= Orders, decorations, and medals of Guyana =

The Orders, decorations, and medals of Guyana were established after Guyana gained independence from the United Kingdom as a replacement for the British honours system, which was last conferred in the 1970 New Year Honours on Guyanese citizens.

In February 1970, Guyana became a republic and established its first two national awards under the Constitution of the Orders of Guyana. In 1976, the Constitution of the Orders of Guyana was amended to add a third national award.

The first appointments to the Orders of Guyana came in 1970 and were presented through 2002. After a period of several years the first new appointments were made in 2011. New appointments are made on the Anniversary of the Independence of the Republic of Guyana, by the President of Guyana, acting in his capacity as the Chancellor of the Orders of Guyana.

==Order of Excellence of Guyana==

The Order of Excellence of Guyana (OE) is the highest national award of Guyana. Sir David Rose, Governor-General of Guyana was amongst the recipients, albeit posthumously. Established in 1970 under the Constitution of the Orders of Guyana it is limited to twenty five living citizens of Guyana.
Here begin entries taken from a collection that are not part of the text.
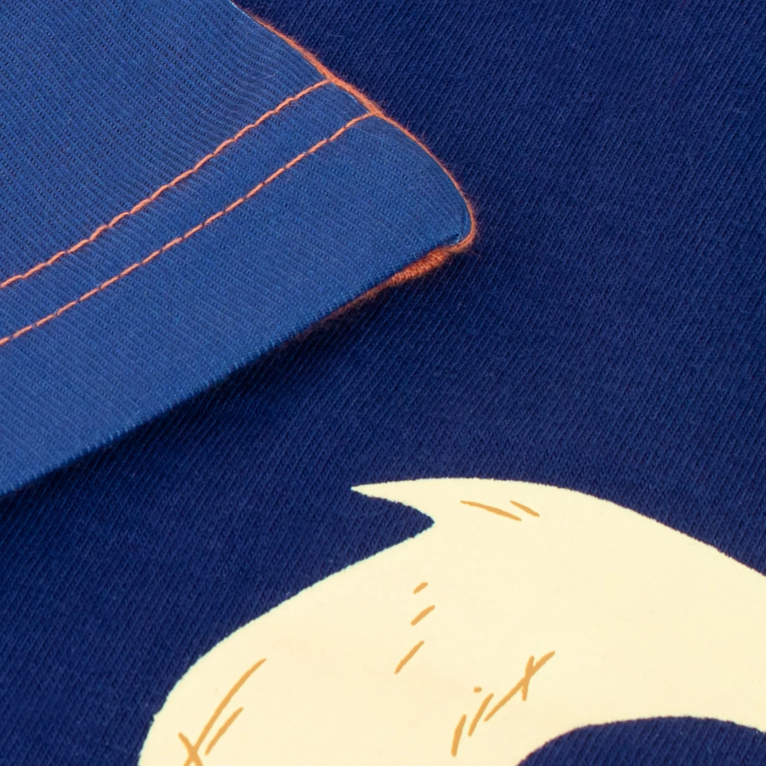 Send your ocean explorer sailing through dreamland with these fun Moana PJs! This red and navy blue short sleeve pyjama top features the slogan ‘Follow the Stars’ against a full body print of Moana and Maui sailing under the stars. Paired with navy pj bottoms showcasing Maui and his hook on the left ankle, with a comfy elastic waistband and cuffed ankles. They’ll have the most magical aquatic dreams with Moana and friends with this fun Disney sleepwear!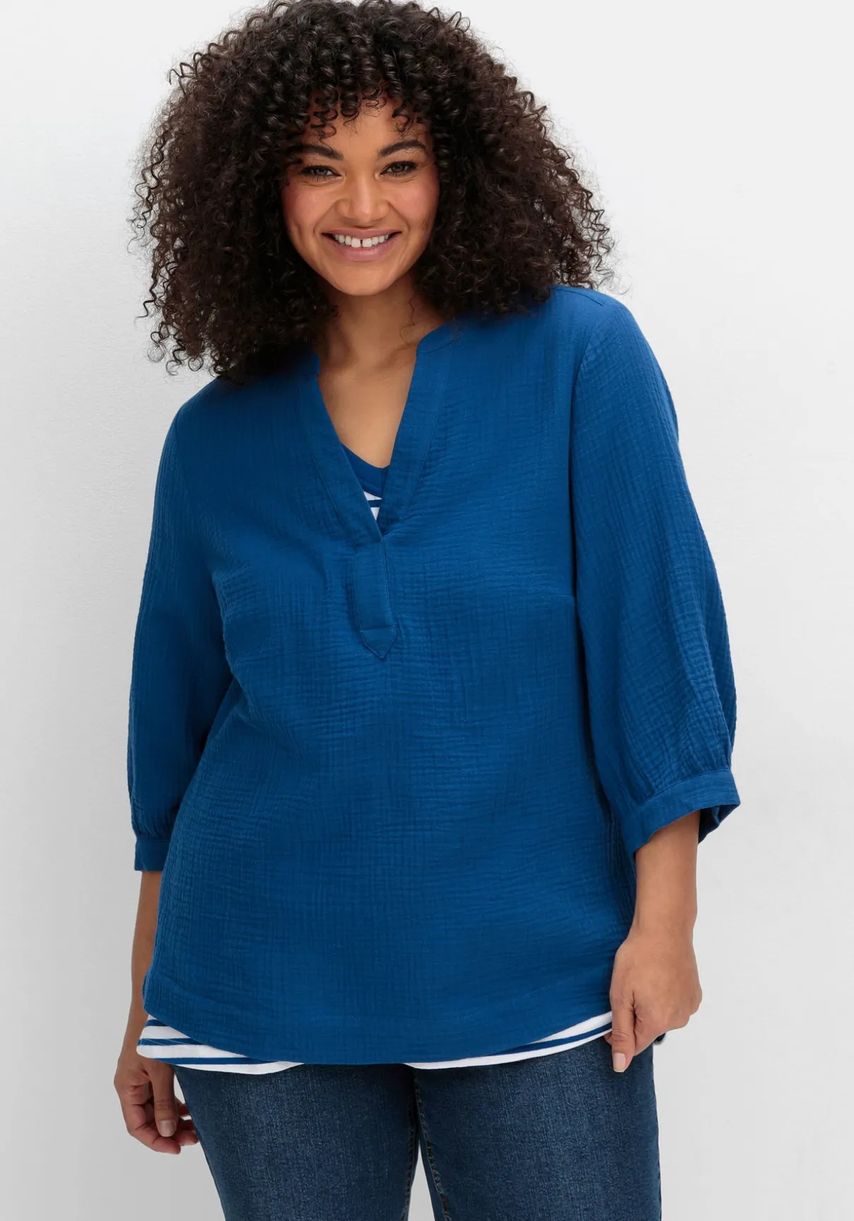 Tunika mit 3/4-Arm und V-Schlitz, aus Musselin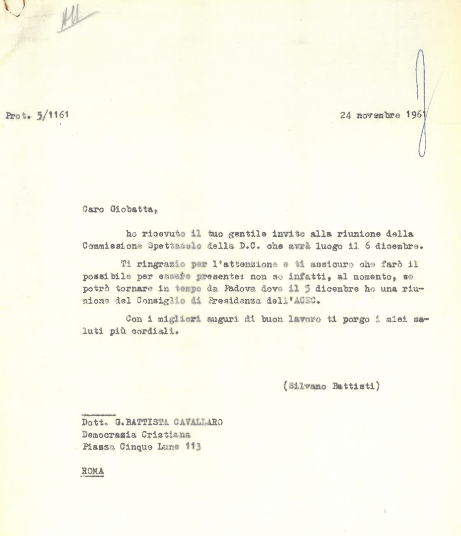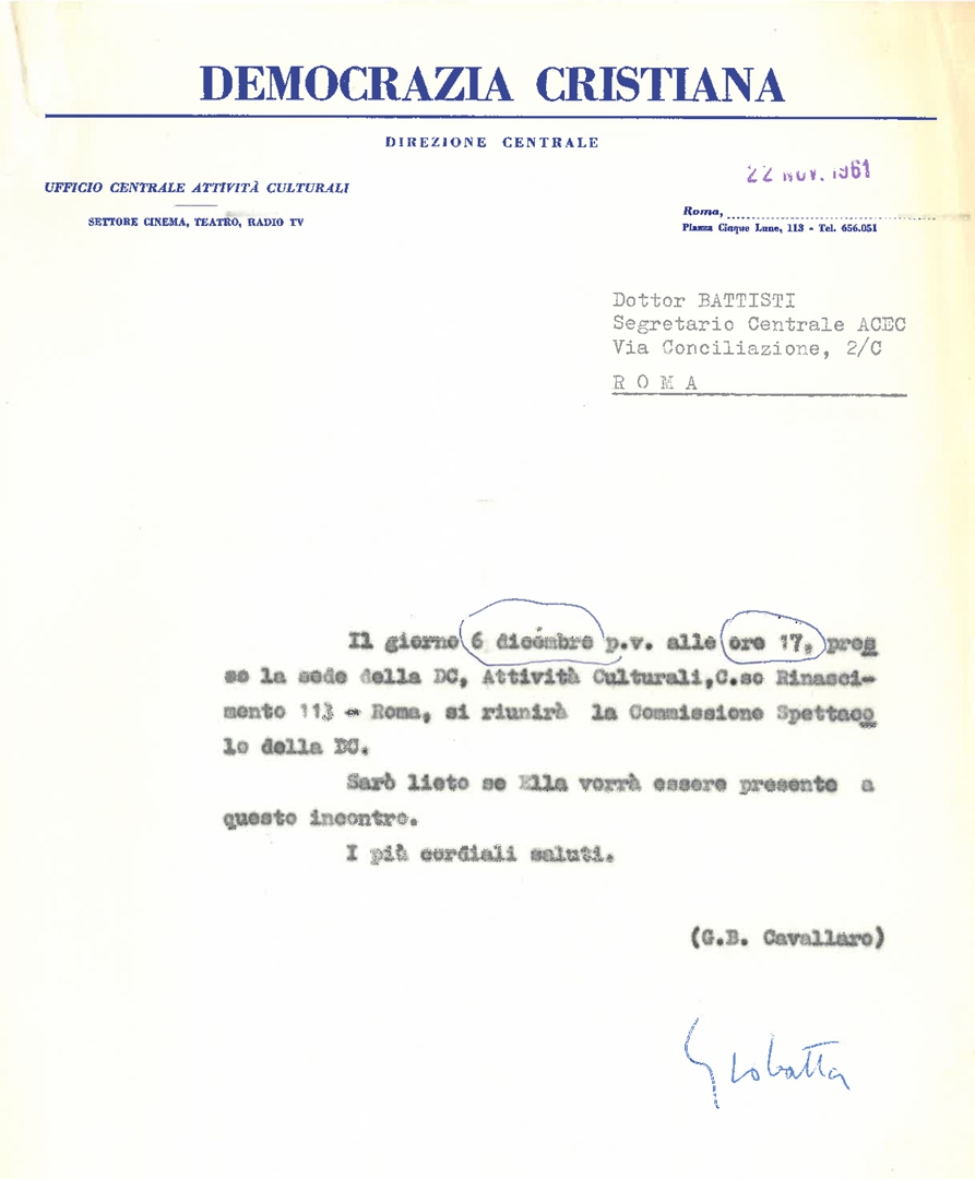 Lettera di Giovanni Battista Cavallaro, dell'Ufficio centrale attività culturali della Democrazia Cristiana, a Silvano Battisti, segretario generale dell'ACEC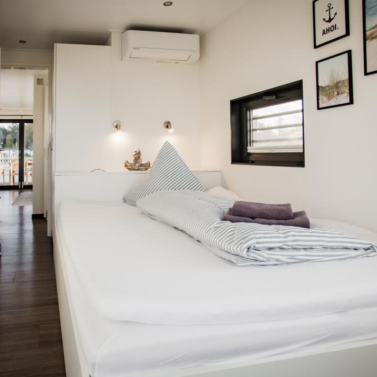 Das Hausboot ist ein floating 44. Es besitzt 2 Schlafzimmer mit je einem Doppelbett. Das Badezimmer ist mit einer Dusche ausgestattet und einem separaten WC. Der Wohn- und Essbereich ist ein stilvoll eingerichteter Raum mit einer dreiseitigen Glasfront.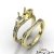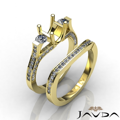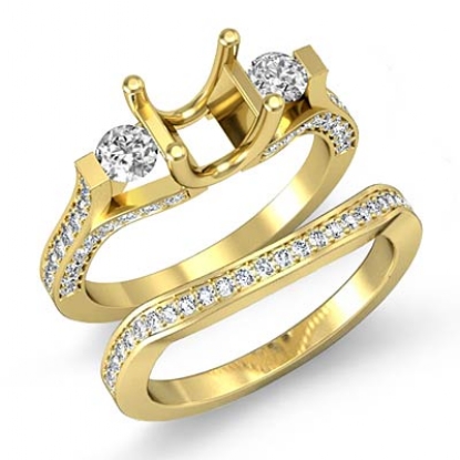 This three stone round semi mount engagement ring comes with a matching band, showcasing pave set diamonds on the shank and round side diamonds. Made in 18k Gold Yellow, this bridal set will set the standards high! (1.5Ct. tw.)
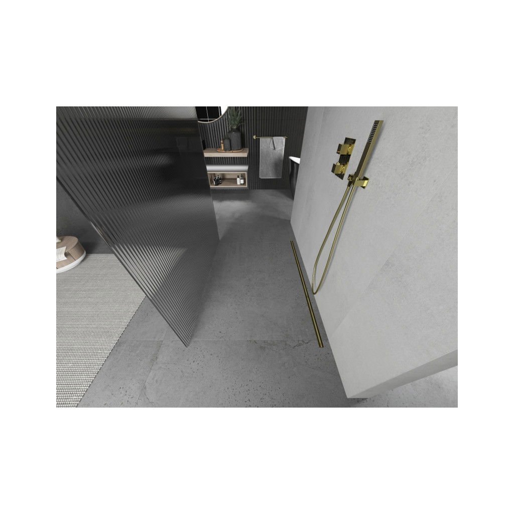 Mexen Kioto, Masa de dus Walk-In 120 x 200 cm, sticla 8 mm cu model nervuri, profil auriu, 800-120-002-50-09
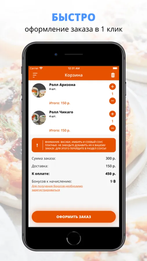 Скачивайте наше приложение, оформляйте заказ и наслаждайтесь любимой едой, где бы Вы ни были! Приятного аппетита!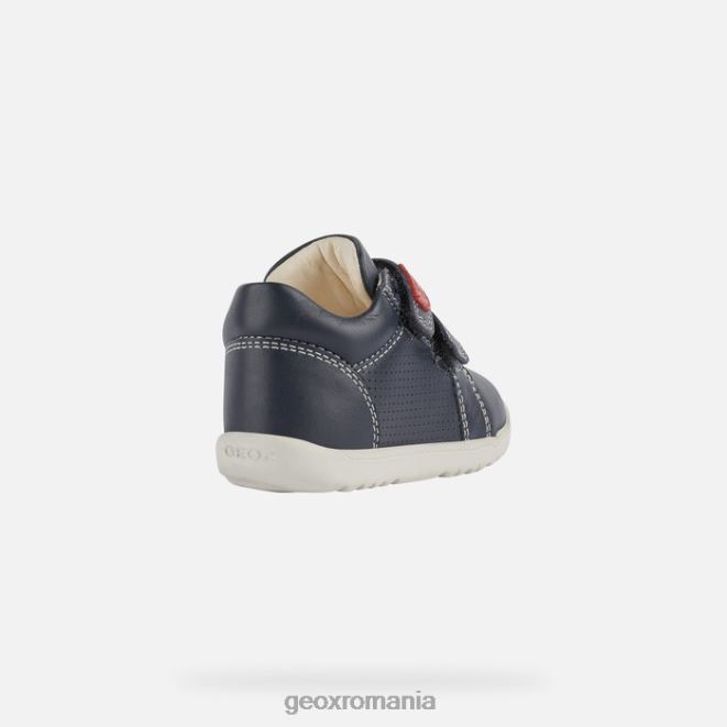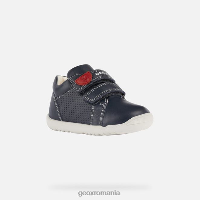 pantofi primii pentru băiat, moi și confortabili. macchia sunt pantofi cu aspect masculin într-o nuanță de bleumarin cu un detaliu roșu și sunt confecționați din piele moale nappa. cu aspectul lor modern, fără efort, sunt perfecte pentru a completa orice ținută, asigurând în același timp protecție pentru picioare, siguranță și confort total în primele mișcări ale copilului mic.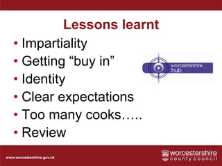 Worcestershire County Council aims to provide e-learning opportunities to allow for continued development and training with reduced budgets. The council plans to cut £45 million from its budget between 2011-2014 through initiatives like the Better Outcomes, Lean Delivery program and increased use of e-learning. The council has created resources like the Worcestershire E-Learning Zone and WHUB E-Learning Zone to deliver topics such as equality and diversity training and social care e-learning to employees in a cost-effective manner.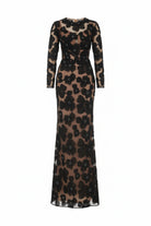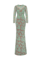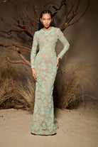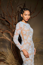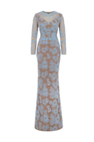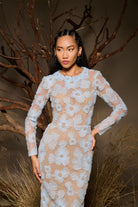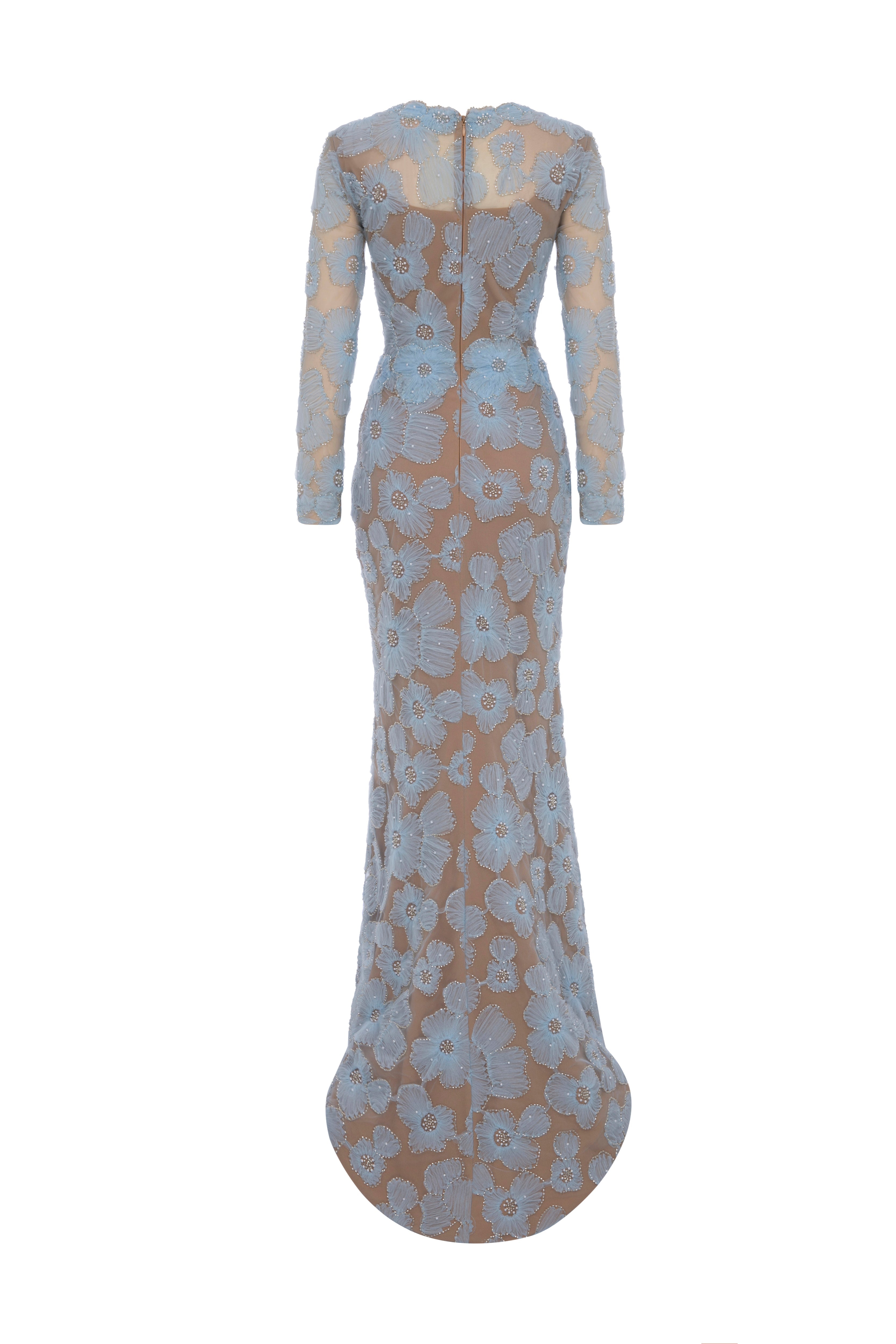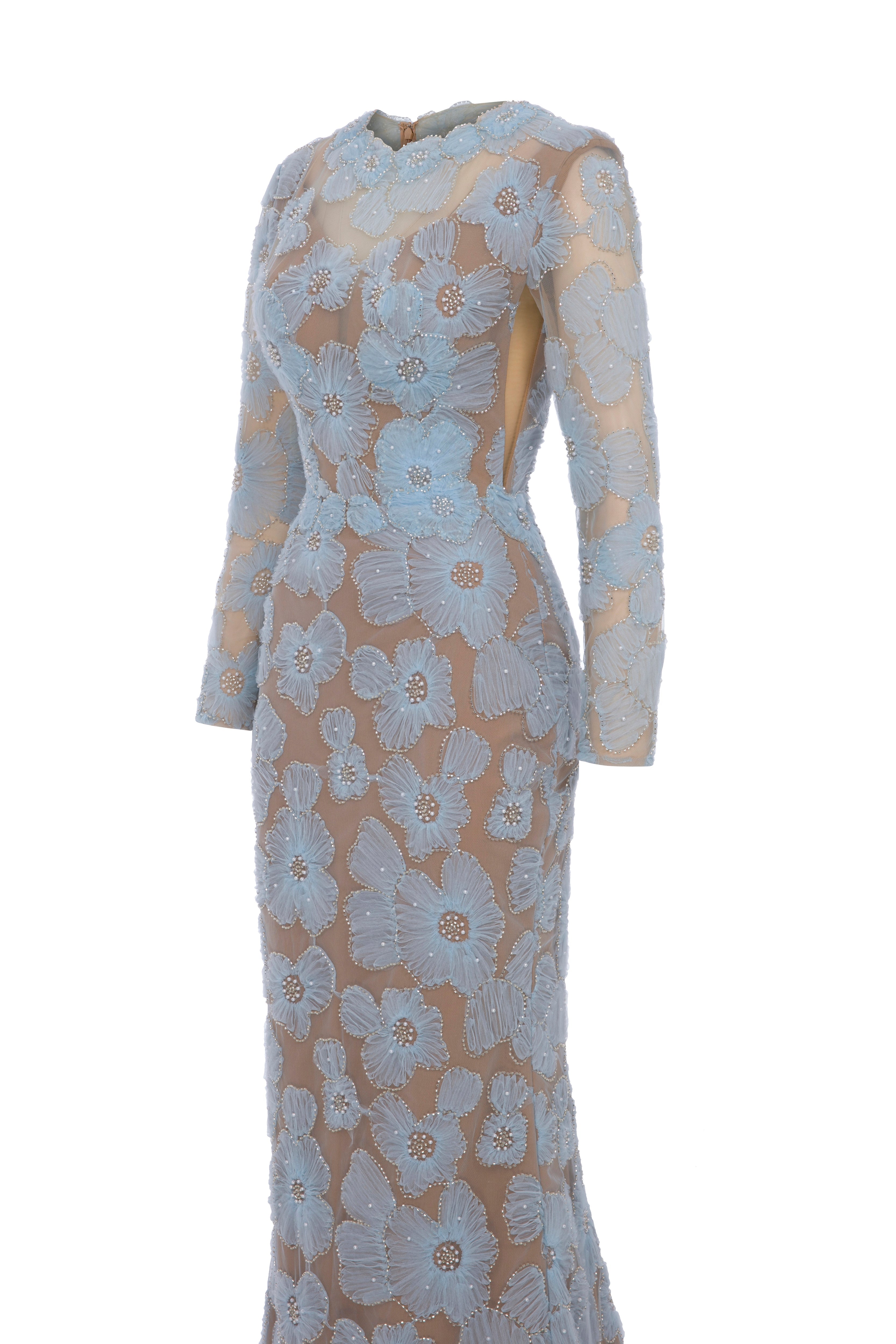فستان راقي مزين بزخارف زهرية زرقاء سماوية على قاعدة بلون البشرة، ليخلق انطباعًا بزهور تتطاير على الجسم. بأكمامه الطويلة الأنيقة وقصته المستقيمة، يجسد هذا الفستان توازنًا مثاليًا بين الأناقة والرومانسية العصرية.

==Order of Roraima of Guyana==

The Order of Roraima of Guyana (OR) is the second highest National Award of Guyana, and is limited to only thirty five living Guyanese recipients. Established in 1976, it may be awarded to any citizen of Guyana who has given outstanding service to the nation. Citizens of foreign nations who are deemed eligible may be honoured as honorary members of the order.

==Order of Service of Guyana==

The Order of Service of Guyana is the third ranking order of Guyana. It consists of three awards that are divided into general awards and special awards. Citizens of foreign countries may be presented with an Honorary Award under the Order of Service of Guyana for acts of service or exceptional achievements which benefit Guyana. If a recipient is presented with a higher award within the order, they are to return the insignia of the lower award and only wear the insignia and ribbon of the higher award. Recipients only use the postnominal letters of the highest award after their name.

===General Awards===

====The Cacique Crown of Honour====

The Cacique Crown of Honour (CCH) is the second highest award in the Order of Service of Guyana. It is limited to fifty citizens of Guyana. It may be awarded to any citizen of Guyana who has "rendered service of an exceptionally high quality beyond the normal call.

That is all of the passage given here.